Quinata ended up taking Harold to a medium friend of his named April Palmer for a psychic reading. Before commencing, the doll was sprinkled with holy water, after which Palmer did her reading and stopped abruptly, claiming that the doll had threatened to kill her and then caused her to feel faint, and as if something was actively squeezing her heart. When he later listened to the recording of the event, Quinata claims that he could clearly hear a raspy male voice say “I’m going to kill you… you bitch!” followed by an evil laugh, right before Palmer got her chest pains. Since then the doll has allegedly given its owner terrifying nightmares and visions, and caused numerous freak accidents and injuries for those around it. People close to him also complained to Quinata that the doll had a habit of haunting their dreams, with one of his friends proclaiming “Harold is pissed. He told me that he’s angry that you’ve had him for so long and haven’t helped him.” All of this prompted the doll’s owner to have it put away into storage, where it supposedly remains.

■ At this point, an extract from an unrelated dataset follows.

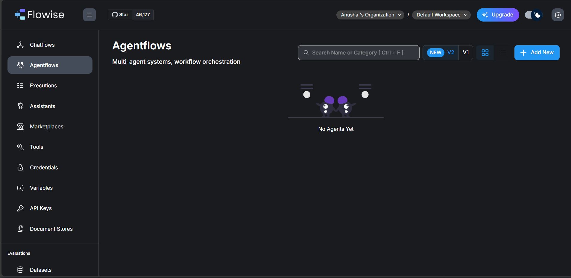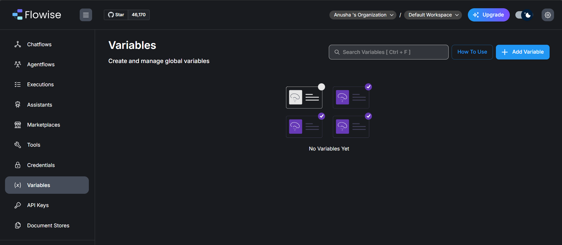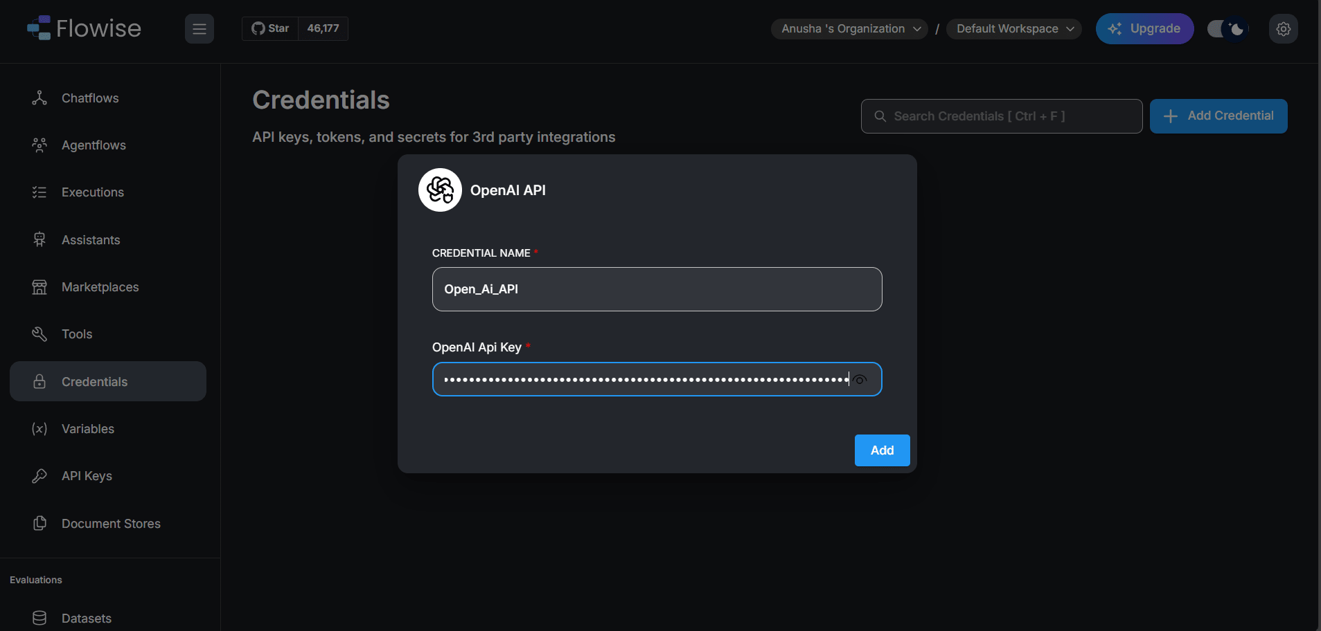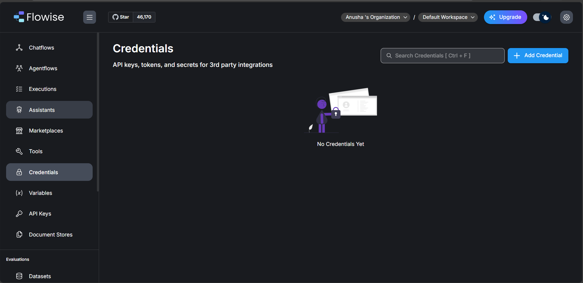 Flowise AI ワークスペースにログインして統合をセットアップします。

There are certainly more stories of haunted or cursed dolls to add to this, and here we have merely a sampling of some of the creepier such tales. Are these mere tall tales built up around these admittedly creepy dolls to make them seem like more than they are? Is there anything to any of these accounts, or is this just our seemingly deeply ingrained aversion to these constructs materializing within our imaginations to imprint themselves onto our reality via amazing, spooky stories? Are these dolls more than they seem to be, animated and influenced by powers beyond our comprehension, or are they just what they superficially appear to be; plastic and wire, merely imbued with sinister significance by our feverish nightmares and the power of imagination rather than supernatural forces? Dolls will likely continue to generate such tales as long as their lifeless gazes fall upon all they survey. Whether those black, doll eyes merely stare blankly and lifelessly, or conspire and ponder all they survey I leave for you to decide.